- [Instructions to follow] Your answer must be an exact copy of the records below, with every picture left out.

Extracted data entries:

--- START ---

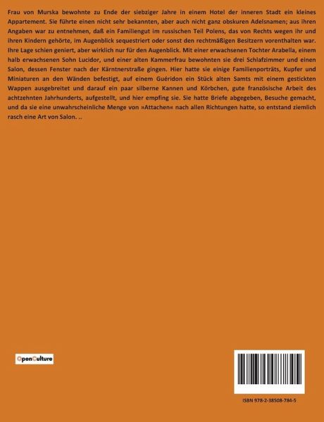 Frau von Murska bewohnte zu Ende der siebziger Jahre in einem Hotel der inneren Stadt ein kleines Appartement. Sie führte einen nicht sehr bekannten, aber auch nicht ganz obskuren Adelsnamen; aus ihren Angaben war zu entnehmen, daß ein Familiengut im russischen Teil Polens, das von Rechts wegen ihr und ihren Kindern gehörte, im Augenblick sequestriert oder sonst den rechtmäßigen Besitzern vorenthalten war. Ihre Lage schien geniert, aber wirklich nur für den Augenblick. Mit einer erwachsenen Tochter Arabella, einem halb erwachsenen Sohn Lucidor, und einer alten Kammerfrau bewohnten sie drei Schlafzimmer und einen Salon, dessen Fenster nach der Kärntnerstraße gingen. Hier hatte sie einige Familienporträts, Kupfer und Miniaturen an den Wänden befestigt, auf einem Guéridon ein Stück alten Samts mit einem gestickten Wappen ausgebreitet und darauf ein paar silberne Kannen und Körbchen, gute französische Arbeit des achtzehnten Jahrhunderts, aufgestellt, und hier empfing sie. Sie hatte Briefe abgegeben, Besuche gemacht, und da sie eine unwahrscheinliche Menge von »Attachen« nach allen Richtungen hatte, so entstand ziemlich rasch eine Art von Salon. ..
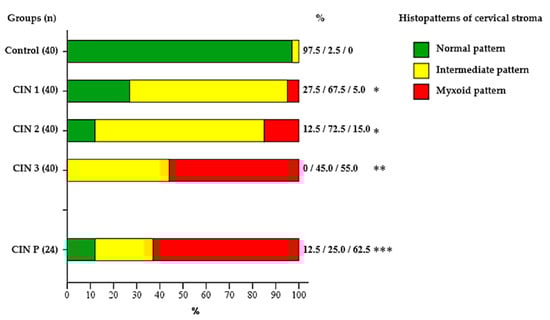 Frequency of cervical stromal extracellular matrix histophenotypes (normal, intermediate, myxoid) in groups defined by epithelial dysplasia (CIN1–3) and among cases with progression/persistence of CIN. Abbreviations: CIN—cervical intraepithelial neoplasia, CIN P—cervical intraepithelial neoplasia with progression/persistence 6 months after treatment or dynamic follow-up *—Statistically significant difference versus of control group (p < 0.05); **—Statistically significant difference versus of control group and CIN 1, CIN 2 (p < 0.05); ***—Statistically significant difference versus of control group and CIN 1, CIN 2, CIN 3 (p < 0.05). Abbreviations: CIN—cervical intraepithelial neoplasia, CIN P—cervical intraepithelial neoplasia with progression/persistence 6 months after treatment or dynamic follow-up.
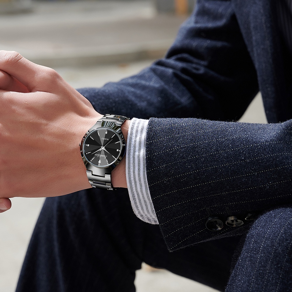 Jam Tangan Pria Sunlifex 9090 Kuarsa Klasik Bisnis Pria Tali Stainless Steel Jam Tangan Cowok Original
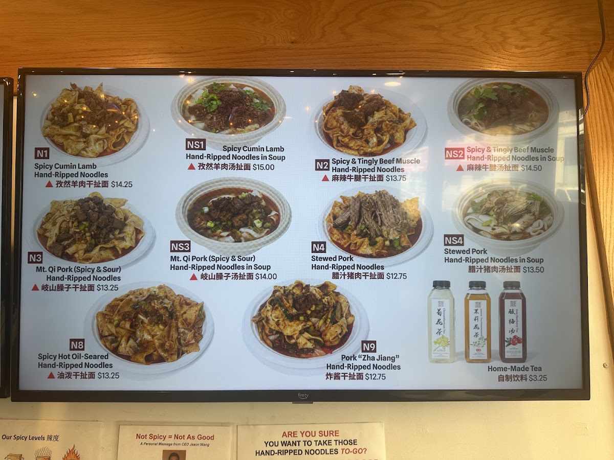 Lean beef muscle stewed until tender in house aromatics with a Sichuan peppercorn-laced ma la tingle, served on top of chewy hand-pulled wide noodles with comforting spoonfuls of simmering beef broth, topped with our signature sauces and chili oil. [If packed separately: reheat soup separately, then pour into the noodles along with the noodle sauce packet and mix well. Then top with the protein. No chili oil packet included/necessary for this]
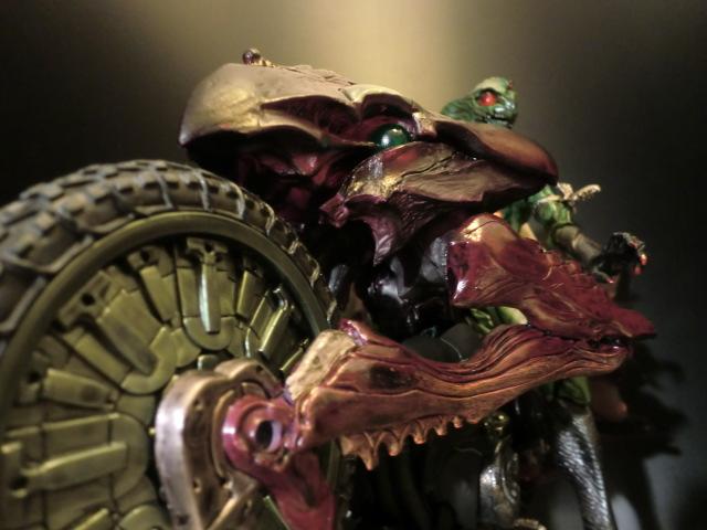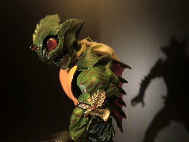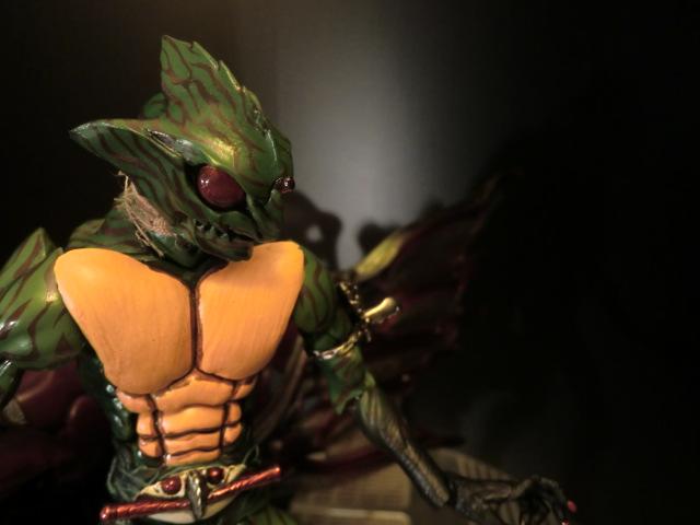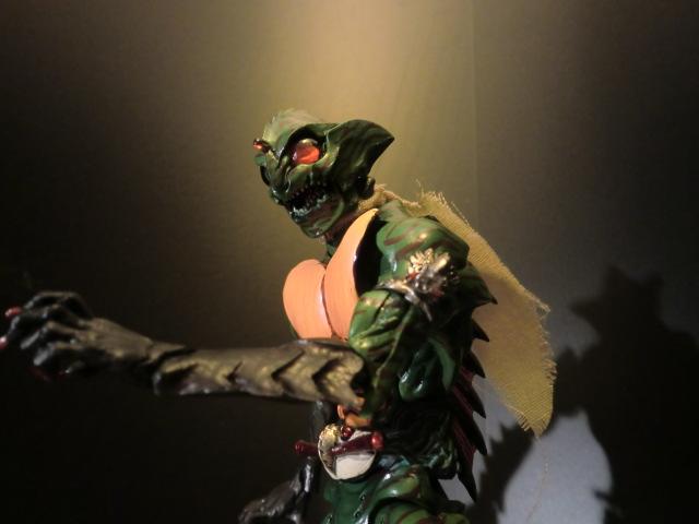 どう見ても正義のヒーローにはなりえない、爬虫類モチーフの不気味な容姿。
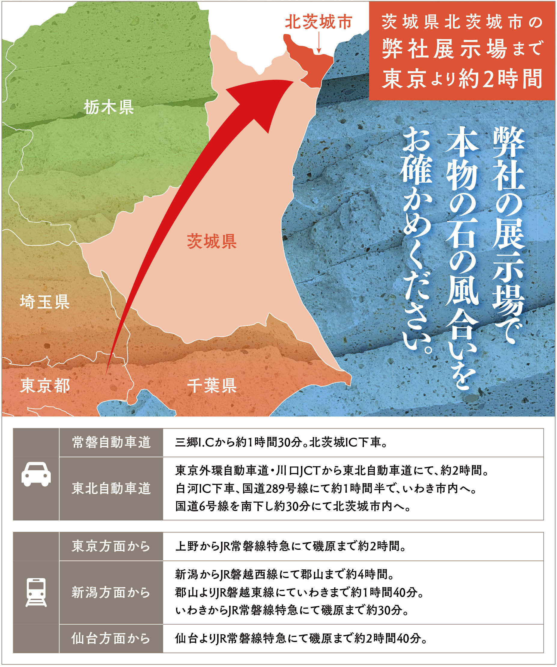 弊社(茨城県北茨城市磯原町内野294)までは、東京より約2時間。弊社に隣接する展示場にて、北関東以北〜東北地方の様々な国産石製品と施工展示を行なっております。石の力を活かす技術でお客様の想いに応えるプランをご提案いたします。
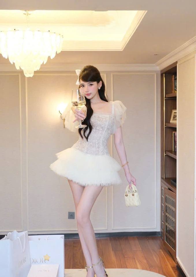 Vintage Party Sweet Tight Waist Mini Length 100% Polyester Ruffle Sleeve Embroidered Organza for FLOWER LACE DRESS MESH LAYER
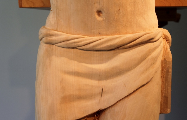 I started to work on the cloth around Jesus’s waist. I really enjoyed working on the rolled up part of the cloth to shape it and give it the look of cloth. I am anxious to work on the knot but I have to make sure the leg is the right size and shape before I can work on it.

--- END ---

- [Exercise response]
 Frau von Murska bewohnte zu Ende der siebziger Jahre in einem Hotel der inneren Stadt ein kleines Appartement. Sie führte einen nicht sehr bekannten, aber auch nicht ganz obskuren Adelsnamen; aus ihren Angaben war zu entnehmen, daß ein Familiengut im russischen Teil Polens, das von Rechts wegen ihr und ihren Kindern gehörte, im Augenblick sequestriert oder sonst den rechtmäßigen Besitzern vorenthalten war. Ihre Lage schien geniert, aber wirklich nur für den Augenblick. Mit einer erwachsenen Tochter Arabella, einem halb erwachsenen Sohn Lucidor, und einer alten Kammerfrau bewohnten sie drei Schlafzimmer und einen Salon, dessen Fenster nach der Kärntnerstraße gingen. Hier hatte sie einige Familienporträts, Kupfer und Miniaturen an den Wänden befestigt, auf einem Guéridon ein Stück alten Samts mit einem gestickten Wappen ausgebreitet und darauf ein paar silberne Kannen und Körbchen, gute französische Arbeit des achtzehnten Jahrhunderts, aufgestellt, und hier empfing sie. Sie hatte Briefe abgegeben, Besuche gemacht, und da sie eine unwahrscheinliche Menge von »Attachen« nach allen Richtungen hatte, so entstand ziemlich rasch eine Art von Salon. ..
 Frequency of cervical stromal extracellular matrix histophenotypes (normal, intermediate, myxoid) in groups defined by epithelial dysplasia (CIN1–3) and among cases with progression/persistence of CIN. Abbreviations: CIN—cervical intraepithelial neoplasia, CIN P—cervical intraepithelial neoplasia with progression/persistence 6 months after treatment or dynamic follow-up *—Statistically significant difference versus of control group (p < 0.05); **—Statistically significant difference versus of control group and CIN 1, CIN 2 (p < 0.05); ***—Statistically significant difference versus of control group and CIN 1, CIN 2, CIN 3 (p < 0.05). Abbreviations: CIN—cervical intraepithelial neoplasia, CIN P—cervical intraepithelial neoplasia with progression/persistence 6 months after treatment or dynamic follow-up.
 Jam Tangan Pria Sunlifex 9090 Kuarsa Klasik Bisnis Pria Tali Stainless Steel Jam Tangan Cowok Original
 Lean beef muscle stewed until tender in house aromatics with a Sichuan peppercorn-laced ma la tingle, served on top of chewy hand-pulled wide noodles with comforting spoonfuls of simmering beef broth, topped with our signature sauces and chili oil. [If packed separately: reheat soup separately, then pour into the noodles along with the noodle sauce packet and mix well. Then top with the protein. No chili oil packet included/necessary for this]
 どう見ても正義のヒーローにはなりえない、爬虫類モチーフの不気味な容姿。
 弊社(茨城県北茨城市磯原町内野294)までは、東京より約2時間。弊社に隣接する展示場にて、北関東以北〜東北地方の様々な国産石製品と施工展示を行なっております。石の力を活かす技術でお客様の想いに応えるプランをご提案いたします。
 Vintage Party Sweet Tight Waist Mini Length 100% Polyester Ruffle Sleeve Embroidered Organza for FLOWER LACE DRESS MESH LAYER
 I started to work on the cloth around Jesus’s waist. I really enjoyed working on the rolled up part of the cloth to shape it and give it the look of cloth. I am anxious to work on the knot but I have to make sure the leg is the right size and shape before I can work on it.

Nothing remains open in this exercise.